In the event of the blowing of the gaseous oxygen and the refining agent onto the bath surface of the molten iron through the top blowing lance, a carrier gas (inert gas such as N₂ or Ar) other than the refining agent and the gaseous oxygen may be used the blowing onto the bath surface of the molten iron. Even in this event, preferably, a part or the entire refining agent is blown to the region of the bath surface onto which the gaseous oxygen is fed (blown). The reasons for the above are as described hereunder. The region of the bath surface where the gaseous oxygen is fed is a region where FeO is generated with the feeding of oxygen. With the CaO being directly added onto the bath surface region, the dissolution of the CaO is effectively accelerated, a CaO-FeO contact effect is increased. In the region of the bath surface onto which the gaseous oxygen is fed, a most preferable region onto which the refining agent is to be blown is a region called a "hot spot" caused by top blowing of the gaseous oxygen. In the hot spot thus occurring in the region of the bath surface, the temperature is increased highest due to impingement on gaseous-oxygen jets, oxidation reactions caused by the gaseous oxygen are concentrated, and the molten iron is agitated with the gaseous-oxygen gas jets. As such, the hot spot can be defined as a region where the most prominent effect with the feeding of the CaO can be obtained. For this reason, the gaseous oxygen is preferably used as the carrier gas for blowing the refining agent onto the bath surface of the molten iron. In this case, the refining agent is directly fed to the hot spot, consequently causing the CaO-FeO contact effect to be increased highest.
In the inventive method, the adding mode for the gaseous oxygen and the refining agent, as described above, is aimed to cause an efficient dephosphorization reaction by use of a basic mechanism described hereunder.
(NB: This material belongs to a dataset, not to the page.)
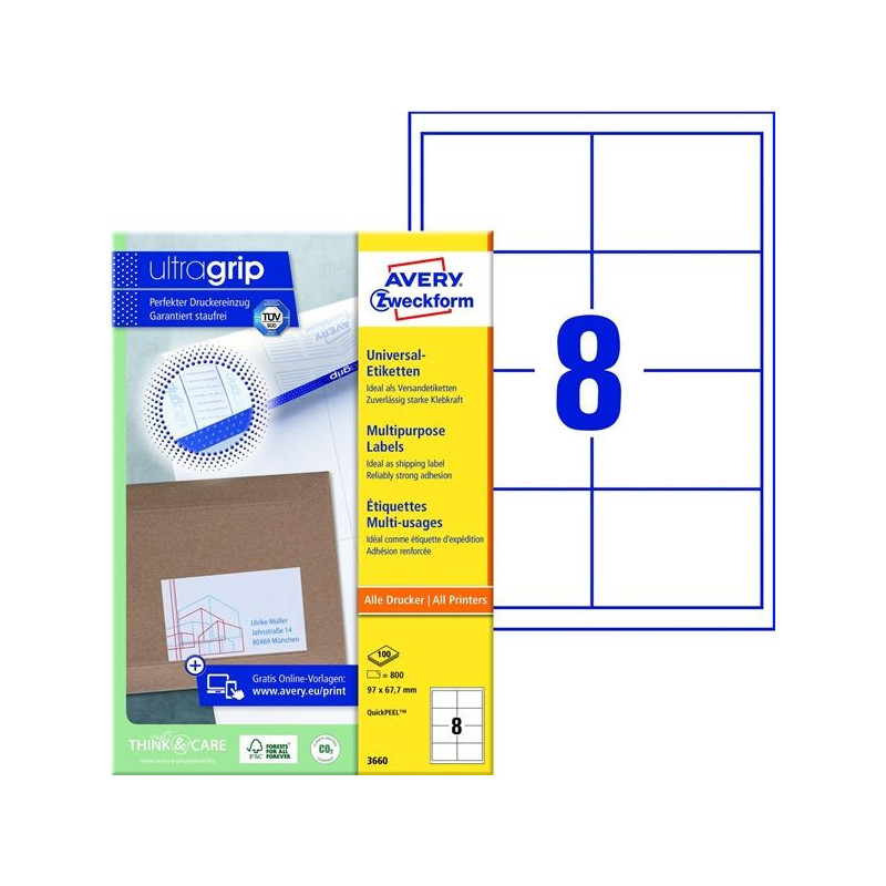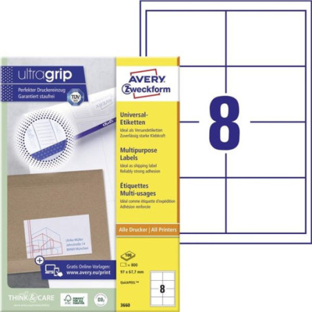 *Inovativní technologie ultragrip na zadní straně archu zajišťuje bezchybné natažení archu etiket a tisk bez zasekávání archu etiket v tiskárně *Univerzální bílé etikety jsou určeny pro každodenní použití na listovní zásilky a balíky, na označování, číslování, oceňování sortimentu či výrobků *Formáty A6, A5, A4 lze použít k nejrůznějším plošným aplikacím *Etikety mají speciální lemování, které zabraňuje zanášení tiskárny lepidlem *Na etikety se jednoduše tiskne a mají dlouhodobou přilnavost *Etikety jsou ekologicky šetrné a mohou být plně recyklovatelné jako součást běžného papírového odpadu *FSC certifikované etikety jsou vyráběny z papíru ze šetrně spravovaných a obnovitelných lesů *Vhodné pro inkoustové, laserové tiskárny a kopírovací stroje *Díky technologii QuickPEEL™ jsou etikety snadno snímatelné z archu *Online šablony a software zdarma ke stažení na www.avery-zweckform.cz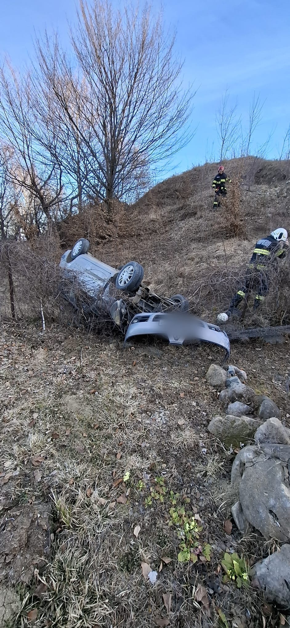 O mașină s-a răsturnat într-o râpă de zece metri, în această dimineață lângă Cluj-Napoca, 3 răniți, 1 dus la spital

More specifically, the refining agent (CaO) is blown onto the region of the bath surface (preferably, the hot spot) to which the gaseous oxygen is fed under an optimal condition through the top blowing lance. Thereby, the CaO quickly reacts with FeO that is generated at the hot spot and is melted (dissolved) to form a CaO-FeO based melt. The generated CaO-FeO based melt is pushed out according to the kinetic energy to a region with a low oxygen potential in the periphery of the region of the bath surface from the region of the bath surface to which gaseous oxygen with the hot spot in the center is fed. Concurrently, the melt first reacts with Si in the molten iron, whereby the FeO is reduced, and a stable solid phase, such as 2CaO·SiO₂, corresponding to the Si content in the pre-treatment molten iron. When the Si content in the molten iron is reduced by the above-described reaction lower to a certain level, the CaO-FeO based melt subsequently begins to react with the phosphorus to form a 3CaO·P₂O₅ solid phase similar to the above. As a consequence, an equivalent amount (or most) of slag that is progressively generated with the progress of the dephosphorization treatment and that is sequentially pushed out to an outer region of the region of the bath surface of the molten iron from the region of the bath surface to which the gaseous oxygen with the hot spot in the center is present as the stable 2CaO·SiO₂ or 3CaO·P₂O₅ solid phase. The slag thus formed as the solid phase is so stable that the slag is never melted again even when the slag basicity is low. Thus, the direct dephosphorization reactions take place in the region having the hot spot in the center, the slag pushed out to the outer region of that region exists in the solid-state state. This enables the dephosphorization treatment to be implemented with a small addition amount of the refining agent.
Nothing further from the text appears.